Another six million barrels per day would be cut in the final phase of the intervention between January 2021 to April 2022.


Meanwhile, the Group Managing Director of the NNPC, Mele Kyari, told Bloomberg on Tuesday that if the current situation was sustained, the oil market might attain full recovery by the third quarter of next year.

Mr Kyari said Nigeria saw the OPEC+ output cut initiative as an opportunity to wait for the rebalancing of the oil market, to halt her continued spending to produce oil for free due to supply-demand inbalance.

“We have started seeing signs that the output cut initiative is working and achieving its target objective by pulling down the supply and creating a situation that will bring up price to a level we can recover our cost and make some marginal profit to continue in our business,” he said.

With the continuous rise in crude oil price in recent days, he expressed optimism that by the end of June or latest mid-July, the discount offered to buyers to take Nigeria’s oil would no longer be necessary.

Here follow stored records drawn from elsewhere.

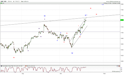OMX30 toppade på 1292 den 19:e september, näst intill på 2 års dagen av detta ben upp från 833. Fram till 1292 kan jag räkna in 7 överlappande vågor upp. Därmed finns möjligheten till att 1292 är toppen för denna sekvens likväl som ytterligare två våg sekvenser upp, kan finnas kvar.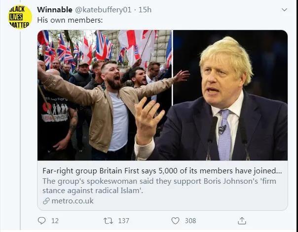 约翰逊这番说话却遭到嘲讽,有网民跟帖指责说:正是约翰逊本人打开了盒子,放这些极右种族分子出来。这位跟帖者还要求约翰逊辞职走人!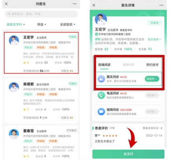 3、选择【问诊医生】(可接诊)咨询;点击【图文问诊】---去支付(咨询费4元)。

Although the NNPC boss said Nigeria experienced “marginal under-compliance” initially with the OPEC output cut quota by less than 100,000 barrels per day, the country is currently at an over-compliance position in the last 10 to 15 days.

His projection is that by the end of June, or mid-July in the worst case scenario, Nigeria would see full compliance with the OPEC output cut quota.

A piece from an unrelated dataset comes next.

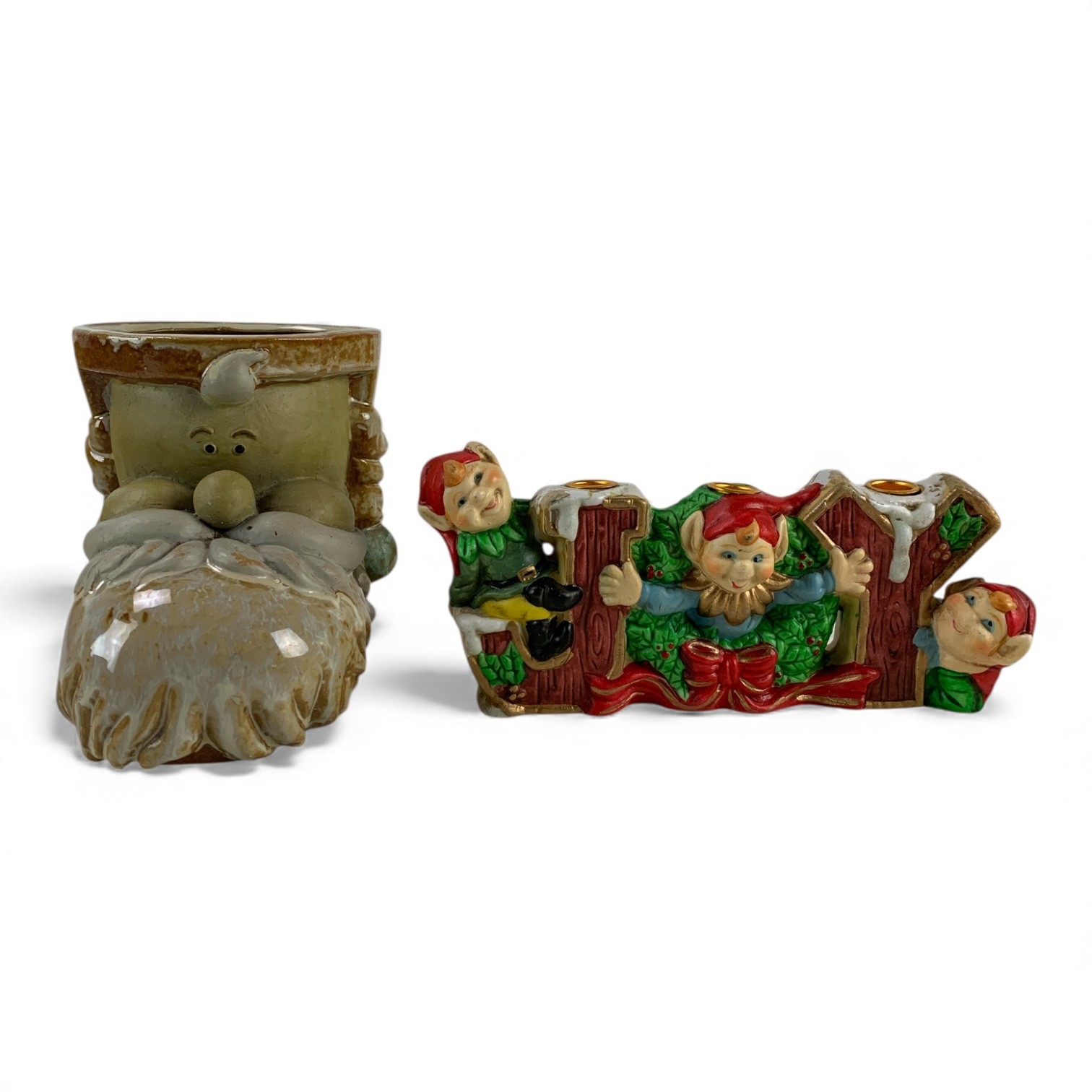 Also includes: Boleslawiec Polish Pottery salt & pepper shakers and a ceramic Christmas elf "JOY" candle holder.

To sustain the price rally in the market, Mr Kyari said the expectation was for all OPEC member-countries to continue to cooperate to bring some normalcy before the end of the year, and see a flat out price at $42-$45 per barrel at the end of the year.

The short-term response of the market as a result of the OPEC+ intervention, he noted, has been positive, with prices recovering from below $22 per barrel in April to the current level of $40 per barrel.

If the current level of $40 per barrel for the Brent crude oil is sustained, he said, the potential was there for it to grow to an average of between $42 and $45 per barrel by the end of the year.

“I don’t think we will see any $30 per barrel in the near future if this situation is sustained. Everybody is seeing the benefit of creating the balance in the market. It is in the interest of all members to comply.

“Nigeria’s decision to comply with the OPEC output cut deal was a decision we made as a country, and not influenced by any other country’s decision on the matter,” he said.